Contrasts: Craig Venter and NSABB on synthetic biology

 Craig Venter: On the verge of creating synthetic life Two rather contrasting videos on synthetic biology this month. In the first videocast, released by TED, Craig Venter exposes his grand vision of synthetic genomics. He insists on the notion of 'combinatorial genomics', that will combine the power of large scale DNA synthesis ('robots that can make a million chromosomes a day') with a database of 20 million genes, 'the design components of the future'. This approach, a pragmatic mixture of rational function-oriented design and empirical large-scale selection, is envisioned to prepare a modern 'Cambrian explosion' of new synthetic species. It is good to see Craig Venter laughing when announcing casually the 'modest goal of replacing the entire petro-chemical industry'. In any case, Craig Venter appears to be more concerned that the technology may not develop sufficiently rapidly to match the urgency and scale of the major ecological and medical challenges faced by our planet than by potential threats represented by harmful biohacking and bioterror.

webcast of the NSABB Meeting, Day 1The second video, admittedly less entertaining, is a recording of the recent deliberations of the National Science Advisory Board for Biosecurity (NSABB). In his presentation entitled 'Assessing Biosecurity Concerns Related to Synthetic Biology', David Relman presents some preliminary findings and recommendations of the Working Group on Synthetic Genomics (jump to 1hr:34min:37sec). It is interesting to see that no consensus definition of synthetic biology exists among the various practitioners of the field, who all use different blends of the typical bottom-up engineering approach assembling circuits from standard components and top-down strategy, based on the modifications of existing genomes. Beyond the lack of definition, the current ability to predict biological functions from sequence (eg virulence) remains very limited complicating the possibility of realistic risk assessment. Finally, the development of synthetic biology can be seen as an extension of the success of 'kit-based' molecular biology, which facilitates access of these technologies to groups outside the traditional Life Sciences communities and institutions, making the mission of oversight, outreach and eduction more challenging. David Relman also clearly emphasizes the importance of not discouraging the enthusiasm directed towards potentially beneficial research and applications by overzealous oversight and regulations.

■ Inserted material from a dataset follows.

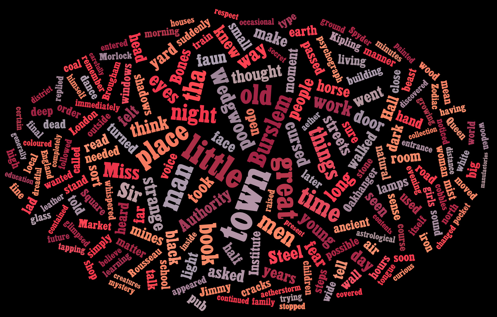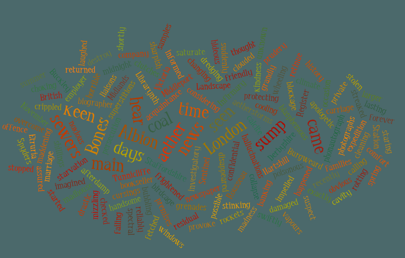 Two “word clouds” for the North Staffordshire novel The Spyders of Burslem. Click the picture for the full-size version…

The intersection between the two talks above was perhaps made when the question of virulence was raised (jump to 1hr:59min:35sec). The fraction of pathogenic agents is very small compared to the number of existing species, a point also made by Craig Venter, and the rate of appearance of new pathogens is low. The idea was then raised as whether it would be possible to roughly estimate the risk of creating synthetic pathogens by calculating the likelihood that the amount of natural recombination responsible for the emergence of new pathogens 'in the wild' could be matched by an equivalent amount of experimental recombination in the laboratory. In other words, is there any way to estimate the probability that new forms of virulence could emerge from the announced synthetic 'Cambrian explosion'?